### [SUPPLIED MATERIAL]
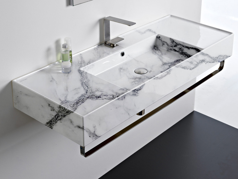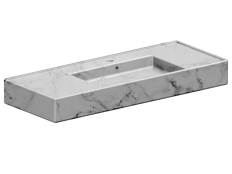 SCARABEO TEOREMA 2.0 DOUBLE SHELF 5125 Раковина накладная или подвесная чаша посередине, одно отверстие под смеситель, с сливом - переливом. Размеры: 121x46x14h см. Настенные крепления и перелив входят в комплект. Цвет Marble White.
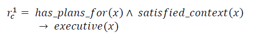 Definition 2. A motivating rule rm is an expression of the form . In the case of the atomic formulas or the premise, they have to be unified with a belief of 𝒦 and in the case of 𝜓, it represents a goal. All 𝜓 are considered a sleeping goal and hence belong to
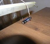 - Нарезал пенопласт на импровизированном столе листами 10мм толщиной. Толщину реза регулировал с помощью 2-х батареек формата ААА подложенных под проволоку.
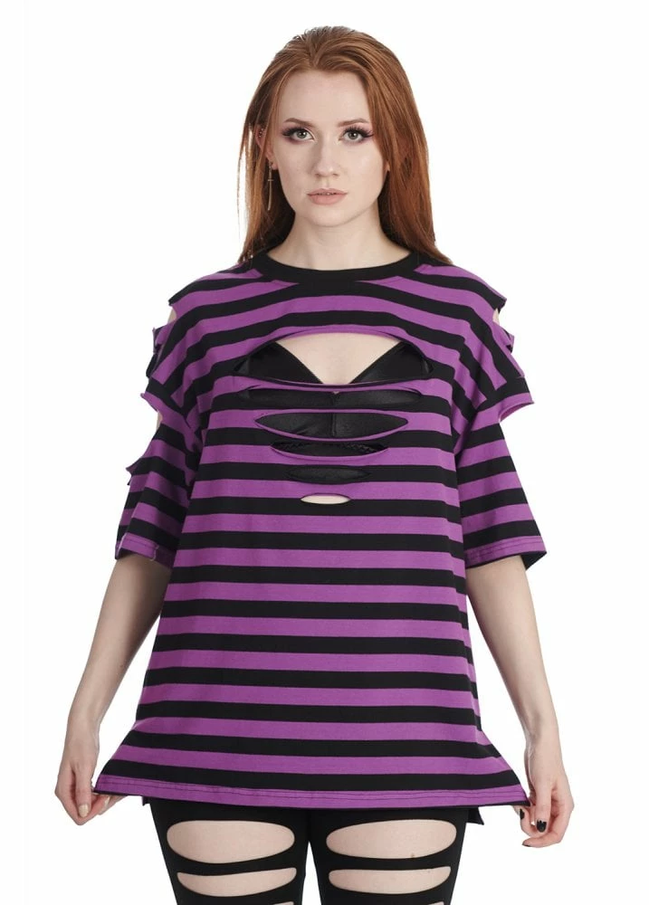The Sweet Tooth Oversized T-Shirt from banned Apparel is a comfy oversized top. The purple and black striped top has a ripped front and sleeves.

### [WHAT THE EXERCISE ASKS]
Nothing but the lines from the beginning of the material through the line with "Definition 2. A" should appear, printed exactly, with no pictures among them.

### [SOLUTION BELOW]
 SCARABEO TEOREMA 2.0 DOUBLE SHELF 5125 Раковина накладная или подвесная чаша посередине, одно отверстие под смеситель, с сливом - переливом. Размеры: 121x46x14h см. Настенные крепления и перелив входят в комплект. Цвет Marble White.
 Definition 2. A motivating rule rm is an expression of the form . In the case of the atomic formulas or the premise, they have to be unified with a belief of 𝒦 and in the case of 𝜓, it represents a goal. All 𝜓 are considered a sleeping goal and hence belong to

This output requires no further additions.